Stack Overflow Asked by Caerus on November 27, 2021
I have a sales table that looks like this:
store_id cust_id txn_id txn_date amt industry
200 1 1 20180101 21.01 1000
200 2 2 20200102 20.01 1000
200 2 3 20200103 19 1000
200 3 4 20180103 19 1000
200 4 5 20200103 21.01 1000
300 2 6 20200104 1.39 2000
300 1 7 20200105 12.24 2000
300 1 8 20200105 25.02 2000
400 2 9 20180106 103.1 1000
400 2 10 20200107 21.3 1000
Here’s the code to generate this sample table:
CREATE TABLE sales(
store_id INT,
cust_id INT,
txn_id INT,
txn_date bigint,
amt float,
industry INT);
INSERT INTO sales VALUES(200,1,1,20180101,21.01,1000);
INSERT INTO sales VALUES(200,2,2,20200102,20.01,1000);
INSERT INTO sales VALUES(200,2,3,20200103,19.00,1000);
INSERT INTO sales VALUES(200,3,4,20180103,19.00,1000);
INSERT INTO sales VALUES(200,4,5,20200103,21.01,1000);
INSERT INTO sales VALUES(300,2,6,20200104,1.39,2000);
INSERT INTO sales VALUES(300,1,7,20200105,12.24,2000);
INSERT INTO sales VALUES(300,1,8,20200105,25.02,2000);
INSERT INTO sales VALUES(400,2,9,20180106,103.1,1000);
INSERT INTO sales VALUES(400,2,10,20200107,21.3,1000);
What I would like to do is create a new table, results
that answers the question: what percentage of my VIP customers have, since January 3rd 2020, shopped i) at my store only; ii) at my store and at other stores in the same industry; iii) at only other stores in the same industry? Define a VIP customer to be someone who has shopped at a given store at least once since 2019.

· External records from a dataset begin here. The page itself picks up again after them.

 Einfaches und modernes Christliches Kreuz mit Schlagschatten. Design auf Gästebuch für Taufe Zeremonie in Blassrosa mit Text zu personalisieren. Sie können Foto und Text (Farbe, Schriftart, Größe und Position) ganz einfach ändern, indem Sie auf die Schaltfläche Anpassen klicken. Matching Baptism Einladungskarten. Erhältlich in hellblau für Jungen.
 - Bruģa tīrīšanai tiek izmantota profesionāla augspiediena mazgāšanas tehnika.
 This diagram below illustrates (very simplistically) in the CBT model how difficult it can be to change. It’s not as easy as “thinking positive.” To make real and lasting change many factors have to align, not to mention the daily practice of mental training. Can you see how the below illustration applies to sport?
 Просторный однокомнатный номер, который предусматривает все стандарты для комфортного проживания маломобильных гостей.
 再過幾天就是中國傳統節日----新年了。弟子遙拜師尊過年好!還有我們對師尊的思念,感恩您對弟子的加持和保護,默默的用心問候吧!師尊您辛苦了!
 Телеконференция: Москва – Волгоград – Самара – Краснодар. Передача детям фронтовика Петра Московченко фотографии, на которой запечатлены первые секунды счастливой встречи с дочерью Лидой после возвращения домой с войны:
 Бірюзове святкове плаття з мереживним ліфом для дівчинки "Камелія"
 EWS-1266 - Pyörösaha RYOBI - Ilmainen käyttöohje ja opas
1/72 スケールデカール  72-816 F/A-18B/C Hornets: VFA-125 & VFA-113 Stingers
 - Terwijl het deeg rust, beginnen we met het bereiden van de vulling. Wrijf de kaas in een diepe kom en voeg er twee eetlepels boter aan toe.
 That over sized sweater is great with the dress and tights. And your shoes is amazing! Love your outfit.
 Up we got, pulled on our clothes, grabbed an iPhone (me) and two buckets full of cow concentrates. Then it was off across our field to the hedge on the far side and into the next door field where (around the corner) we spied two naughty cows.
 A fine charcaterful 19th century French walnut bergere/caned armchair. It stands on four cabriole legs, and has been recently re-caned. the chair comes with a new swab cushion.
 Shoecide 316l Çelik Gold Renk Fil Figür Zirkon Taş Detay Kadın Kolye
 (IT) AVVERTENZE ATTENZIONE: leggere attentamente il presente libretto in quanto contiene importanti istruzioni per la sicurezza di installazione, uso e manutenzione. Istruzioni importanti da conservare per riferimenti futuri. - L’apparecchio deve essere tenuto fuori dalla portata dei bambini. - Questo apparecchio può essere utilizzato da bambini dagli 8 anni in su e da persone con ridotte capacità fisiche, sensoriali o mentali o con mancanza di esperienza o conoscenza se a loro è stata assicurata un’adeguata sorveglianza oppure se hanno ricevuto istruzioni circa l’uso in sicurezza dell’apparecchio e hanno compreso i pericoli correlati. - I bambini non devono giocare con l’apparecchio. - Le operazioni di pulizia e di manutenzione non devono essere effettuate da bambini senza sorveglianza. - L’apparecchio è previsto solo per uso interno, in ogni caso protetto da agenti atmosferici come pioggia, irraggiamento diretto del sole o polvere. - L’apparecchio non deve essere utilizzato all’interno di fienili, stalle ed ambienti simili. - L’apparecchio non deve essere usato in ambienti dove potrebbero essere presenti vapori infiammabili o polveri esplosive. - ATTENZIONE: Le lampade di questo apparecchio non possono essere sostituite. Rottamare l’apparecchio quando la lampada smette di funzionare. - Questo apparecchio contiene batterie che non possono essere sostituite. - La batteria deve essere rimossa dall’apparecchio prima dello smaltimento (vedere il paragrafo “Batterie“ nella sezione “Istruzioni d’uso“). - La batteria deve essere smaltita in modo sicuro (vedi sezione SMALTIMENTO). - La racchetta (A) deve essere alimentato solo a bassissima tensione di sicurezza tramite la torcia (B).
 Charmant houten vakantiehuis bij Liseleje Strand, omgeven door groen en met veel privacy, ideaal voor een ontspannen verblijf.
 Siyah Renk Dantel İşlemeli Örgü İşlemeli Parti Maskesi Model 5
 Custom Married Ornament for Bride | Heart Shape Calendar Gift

Here’s the target output table:
store industry pct_my_store_only pct_both pct_other_stores_only
200 1000 0.5 0.5 0.0
300 2000 0.5 0.5 0.0
400 1000 0.0 1.0 0.0
I’m trying to use window functions to accomplish this. Here’s what I have so far:
CREATE TABLE results as
SELECT s.store_id, s.industry,
COUNT(DISTINCT (CASE WHEN s.txn_date>=20200103 THEN s.cust_id END)) * 1.0 / sum(count(DISTINCT (CASE WHEN s.txn_date>=20200103 THEN s.cust_id END))) OVER (PARTITION BY s.industry) AS pct_my_store_only
...AS pct_both
...AS pct_other_stores_only
FROM sales s
WHERE sales.txn_date>=20190101
GROUP BY s.store_id, s.industry;
The above does not seem to be correct; how can I correct this?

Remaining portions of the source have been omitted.